# HR24-500 and HR20-700 and Connected Home



## MnGuy (Sep 24, 2006)

Hoping for some help, after reading these forums I am still clueless. I currently have an HR24-500 and HR20-700. They are connected to my home network (Netgear Router) using powerline adapters. I have a slim line dish and don't have a SWiM. Internet stuff works fine but I am constantly getting notices that my DVRs are not on the network and sometimes the two DVRs see each other and sometimes they don't. This used to only happen when someone went online using a wireless laptop but now it happens constantly. I called DirecTv to see if they will install the correct (and supported) equipment and they told me they are sending me two DECAs which I can install myself and will fix my problems. This doesn't seem right to me. Any ideas of what is causing this problem and what I can do to fix it? Thanks in advance.


----------



## jpitlick (Apr 19, 2007)

It sounds like your router is not providing enough IP addresses from its DHCP pool to handle all of the devices on your network. Either allow more devices in DHCP or set your DVRs to static addresses.

You will not be able to use the DECAs without having SWM. If you swap your standard LNB with a SWM LNB or connect a SWM-8/SWM-16 to your standard LNB, you can use the two DECAs to attached your HR20 and your router to the SWM. Your HR24 has built in DECA. You will also need at least a 4-way green labelled splitter between the SWM and the receivers/router.


----------



## MnGuy (Sep 24, 2006)

I have done that. The router is set to allow 250 devices I think. I set them statically and it still doesn't work.

DirecTv says they are sending me 2 DECAs and that's it. What do I tell them?


----------



## DogLover (Mar 19, 2007)

MnGuy said:


> I have done that. The router is set to allow 250 devices I think. I set them statically and it still doesn't work.
> 
> DirecTv says they are sending me 2 DECAs and that's it. What do I tell them?


If you are setting them statically, make sure they don't overlap the DHCP pool that is assigned by the router.

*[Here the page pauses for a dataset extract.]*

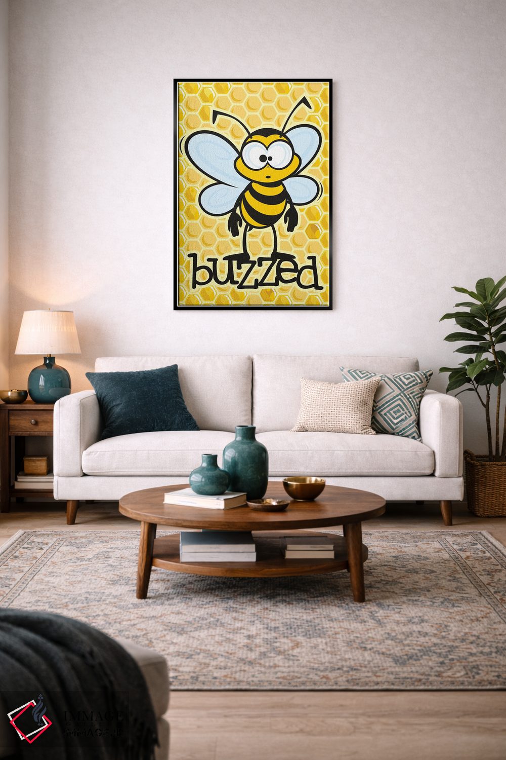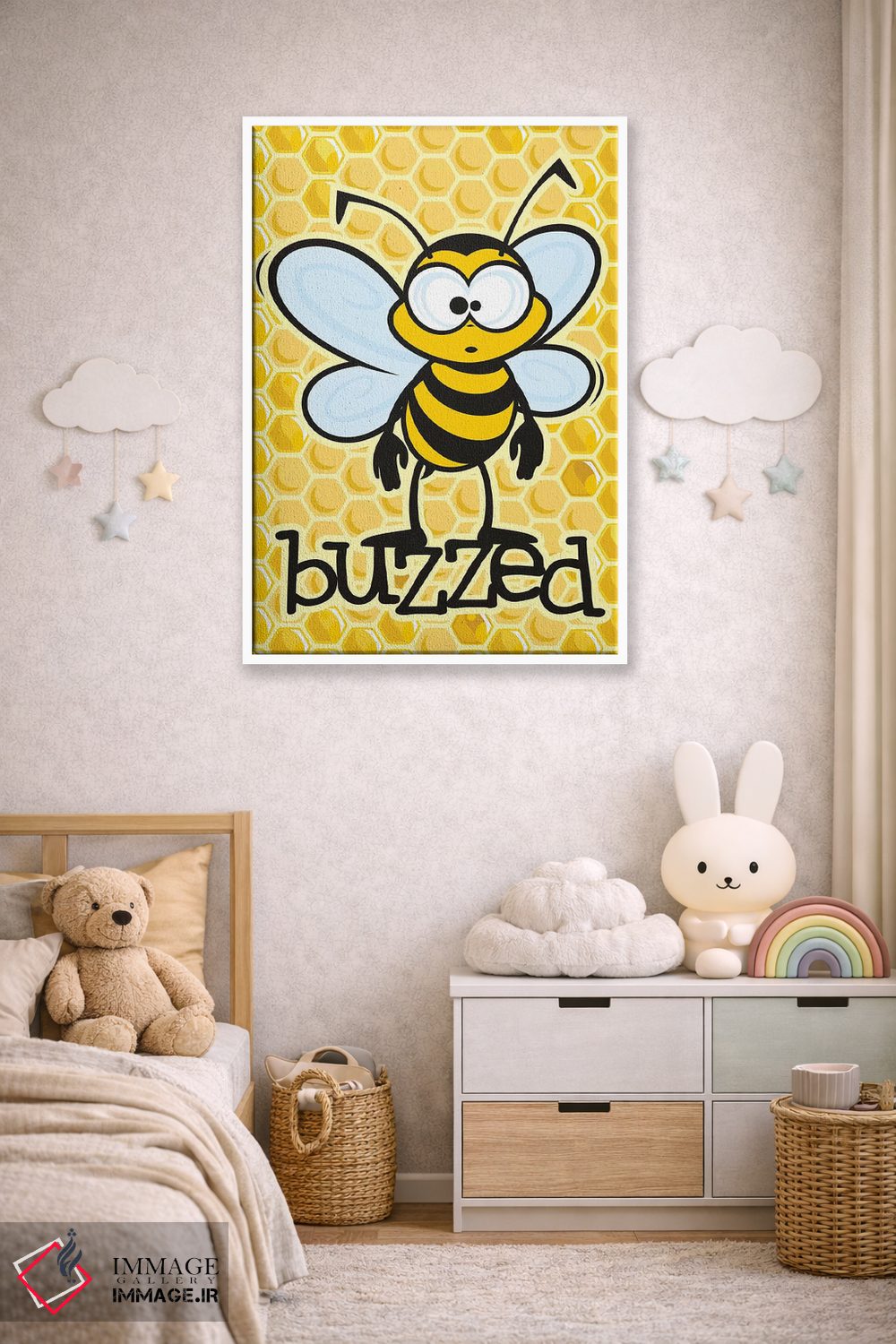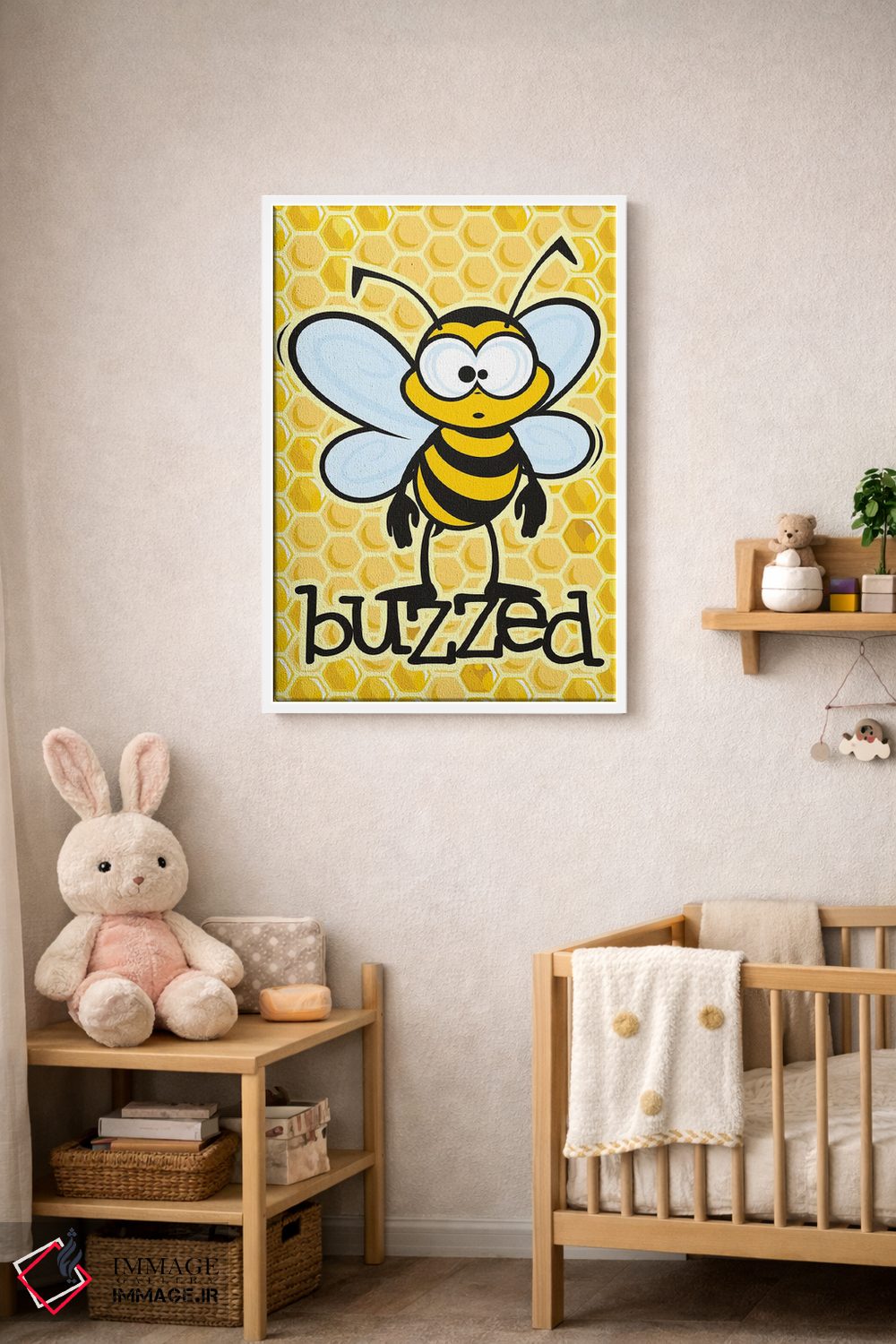 برای اتاقی که به یک عنصر دوستداشتنی نیاز دارد، «سرخوش (با اشاره به زنبور یا مستی)» اثرِ «جیمز لی» به دیوار، انرژیِ نرم و زنده میدهد؛ برای کافههای کوچک و صمیمی انتخابی خوشسلیقه است. هر بار نگاهش میکنید، یک جزئیات تازه به چشم میآید.

Call DIRECTV back and tell them you need the DECAS installed (Whole Home DVR Service with Internet Connection Kit). Installation will include the SWM that is necessary for them to work.


----------



## MnGuy (Sep 24, 2006)

DogLover said:


> If you are setting them statically, make sure they don't overlap the DHCP pool that is assigned by the router.
> 
> Call DIRECTV back and tell them you need the DECAS installed (Whole Home DVR Service with Internet Connection Kit). Installation will include the SWM that is necessary for them to work.


Will the DECAs and SWM solve this problem? Or is it some internal problem I have. Its very frustrating.

So I understand, I should statically set them in the router and then change the DHCP so that nothing else will be assigned those numbers? Forgive my ignorance, I can paint by numbers but can't paint. I'd rather not have DirecTV out if I don't need them.


----------



## john18 (Nov 21, 2006)

I had Powerline adapters during the MRV testing and I was reluctant to make the change to the DECA solution. After the Whole Home became functional after the beta testing my performance seemed to deteriorate. The advice that I received here was that Powerline is definitely not the best solution to network the receivers.

When I called the CSR's up they started to try and simply add the DECA and were talking about a sum around $150.00. Then, because of something I had read on these forums, I mentioned "Internet Connection Kit" and was put on hold. After the CSR came back she said that Internet connection would cost approximately $76.00 and that would include everything. I was skeptical, but went ahead. On installation day my tech replaced my antenna, added a SWiM splitter, added two DECA modules on the receivers and one DECA module with a Power Inserter near my router and then connected that DECA to my router via an ethernet cable. The price was indeed the price quoted on the phone.

The DECA did indeed significantly improve my room-to-room viewing and the internet connect has worked fine.

I hope this helps. Also YMMV. Price negotiation may depend on a number of factors involving your account, but this may help you find a price and way of doing this.


----------



## DogLover (Mar 19, 2007)

MnGuy said:


> Will the DECAs and SWM solve this problem? Or is it some internal problem I have. Its very frustrating.
> 
> So I understand, I should statically set them in the router and then change the DHCP so that nothing else will be assigned those numbers? Forgive my ignorance, I can paint by numbers but can't paint. I'd rather not have DirecTV out if I don't need them.


Your original problem of DVRs dropping off the network is likely (in my opinion) cause by the use of power line adapters. In some situations they work great, but in other situations they don't. Since factors such as how your house's electric is wired can affect their usability, it's the first thing that I'd change.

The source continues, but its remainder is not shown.